What is expected: Among the entries below, only the lines from the one with "На закрытой территории" through the one with "Tliner4Life 2 Posted" are to be retyped, exactly and without pictures.

Extracted data:
============

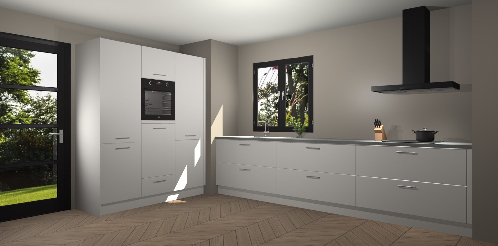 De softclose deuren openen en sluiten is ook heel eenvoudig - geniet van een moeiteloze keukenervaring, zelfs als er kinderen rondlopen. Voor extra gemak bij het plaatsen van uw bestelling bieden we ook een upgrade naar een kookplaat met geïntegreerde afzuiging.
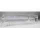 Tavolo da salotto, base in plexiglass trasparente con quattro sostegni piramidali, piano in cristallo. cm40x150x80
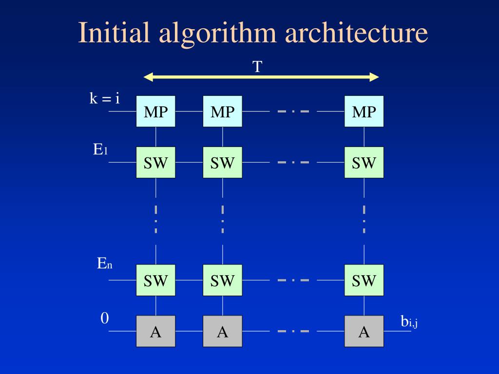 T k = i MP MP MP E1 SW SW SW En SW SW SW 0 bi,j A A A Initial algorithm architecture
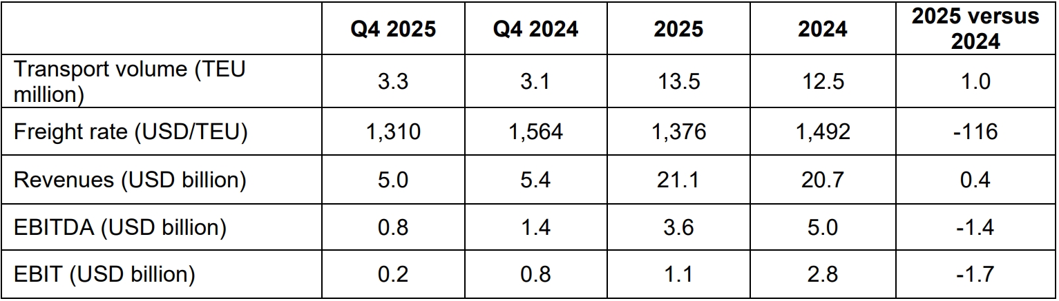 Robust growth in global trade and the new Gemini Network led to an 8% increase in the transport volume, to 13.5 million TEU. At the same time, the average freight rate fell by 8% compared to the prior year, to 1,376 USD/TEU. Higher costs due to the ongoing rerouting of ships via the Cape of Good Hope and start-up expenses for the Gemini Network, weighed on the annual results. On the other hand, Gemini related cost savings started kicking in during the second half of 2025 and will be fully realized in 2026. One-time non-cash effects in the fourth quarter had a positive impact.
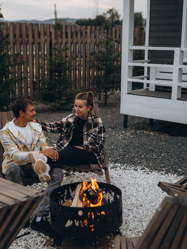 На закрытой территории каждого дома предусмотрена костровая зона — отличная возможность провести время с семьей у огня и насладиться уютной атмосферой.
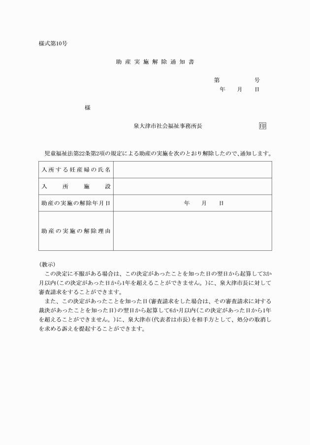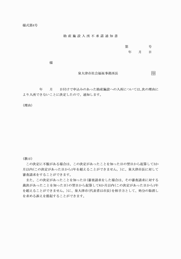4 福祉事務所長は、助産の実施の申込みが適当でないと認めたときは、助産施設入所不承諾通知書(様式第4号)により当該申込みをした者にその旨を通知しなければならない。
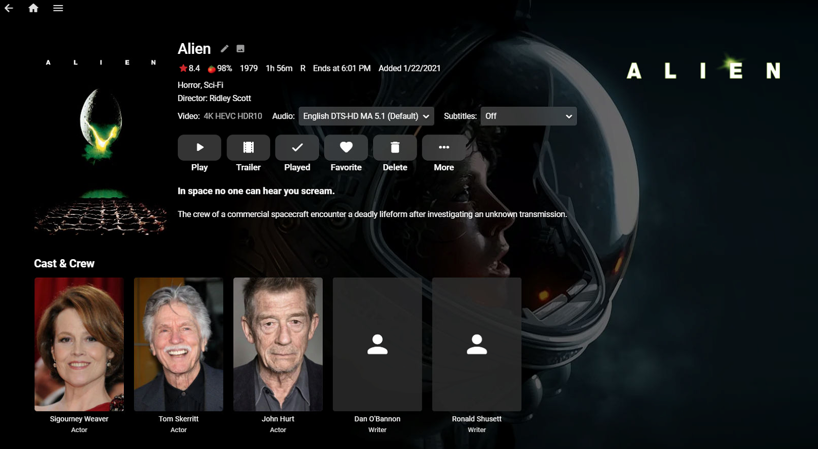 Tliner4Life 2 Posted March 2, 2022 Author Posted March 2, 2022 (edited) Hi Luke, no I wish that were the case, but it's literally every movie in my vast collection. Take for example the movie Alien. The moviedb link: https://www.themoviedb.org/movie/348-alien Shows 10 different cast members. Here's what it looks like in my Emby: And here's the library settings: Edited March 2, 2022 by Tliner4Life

============

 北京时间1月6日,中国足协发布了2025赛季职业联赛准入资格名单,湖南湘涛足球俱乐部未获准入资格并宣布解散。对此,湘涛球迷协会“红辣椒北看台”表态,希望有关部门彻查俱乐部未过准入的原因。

============

Solution for this exercise:
 На закрытой территории каждого дома предусмотрена костровая зона — отличная возможность провести время с семьей у огня и насладиться уютной атмосферой.
4 福祉事務所長は、助産の実施の申込みが適当でないと認めたときは、助産施設入所不承諾通知書(様式第4号)により当該申込みをした者にその旨を通知しなければならない。
 Tliner4Life 2 Posted March 2, 2022 Author Posted March 2, 2022 (edited) Hi Luke, no I wish that were the case, but it's literally every movie in my vast collection. Take for example the movie Alien. The moviedb link: https://www.themoviedb.org/movie/348-alien Shows 10 different cast members. Here's what it looks like in my Emby: And here's the library settings: Edited March 2, 2022 by Tliner4Life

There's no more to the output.